When the administration canceled TPS and CHNV, I pushed back immediately. When thousands of Cuban families were ripped apart by the meaningless, Biden-era, I-220A designation that left some Cubans without a clear legal pathway to stay in the country, we compiled evidence and fought that injustice head-on.

At the same time, we have worked to change the law itself. I’m the lead Republican sponsor of the American Dream and Promise Act, the American Families United Act and the Venezuelan Adjustment Act, laws designed to protect families and those fleeing brutality.

Now, I’m embarked on the most consequential fight yet, the DIGNITY Act, introduced with Rep. Veronica Escobar, a Democrat from Texas.
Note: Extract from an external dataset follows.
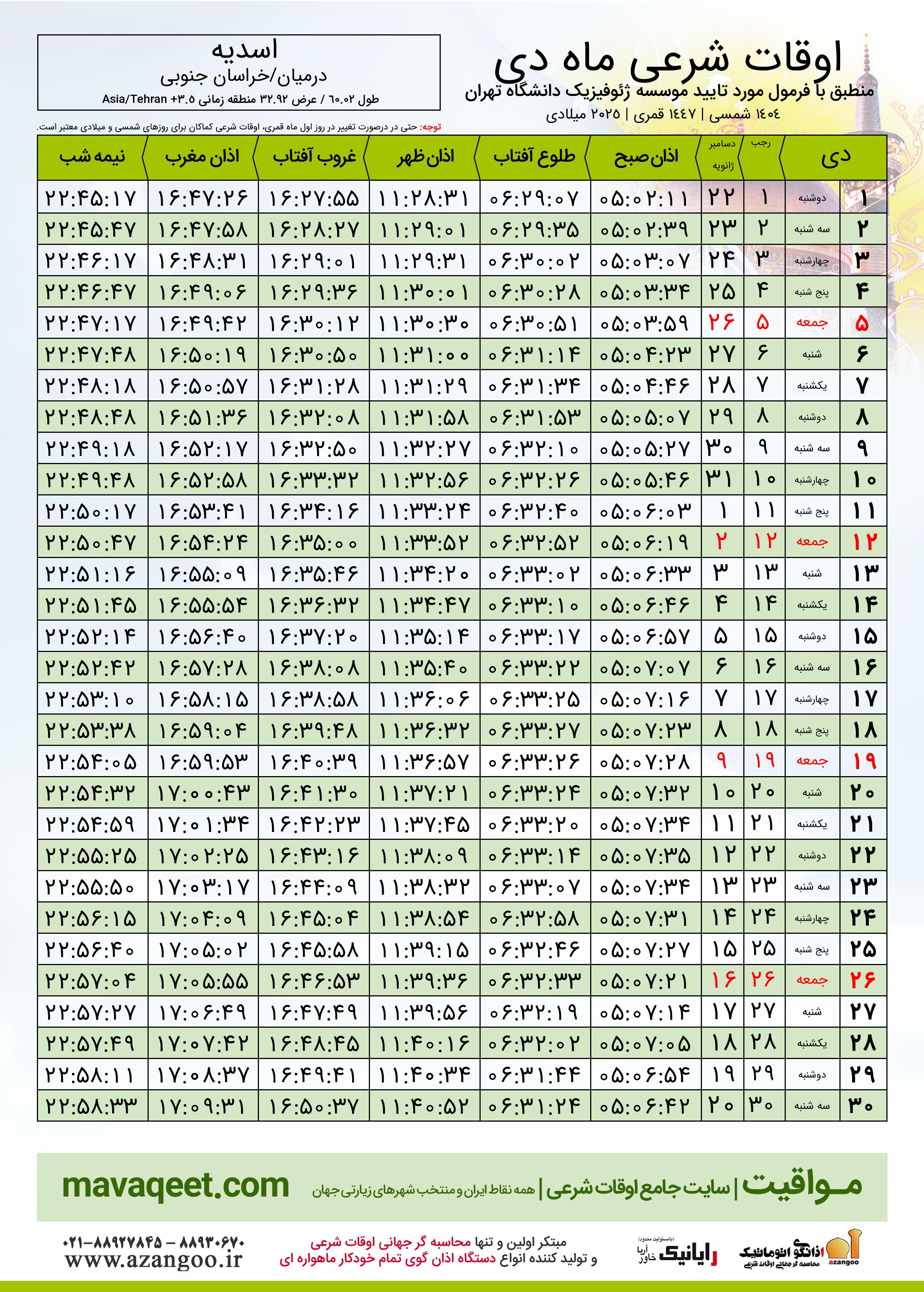 اوقات شرعی دی ١٤٠٤ شمسی شهر اسدیه

Dignity is one of the fastest-growing bipartisan coalitions in Congress, with 35 cosponsors and more than 60 endorsing organizations. Just this week, we gained four members.

This coalition includes pastors and painters, executives and evangelicals. What unites them is the reality that our immigration system is collapsing.

I have taken scrutiny from every direction because I refuse to abandon principle for convenience.

Leadership is not waiting for permission. It is not waiting for headlines. It is showing up before the cameras arrive. It is standing with families when no one is watching. So let me be clear, especially to the people of South Florida: On immigration, I have never been silent. Not on enforcement failures. Not on reform. And not on the moral urgency of this moment.

I will keep doing the work, for the families I represent, for the dignity they deserve and for an immigration system worthy of this country.

My record speaks for itself.

U.S. Rep. Maria Elvira Salazar, a Miami Republican, represents Florida’s 27th Congressional District.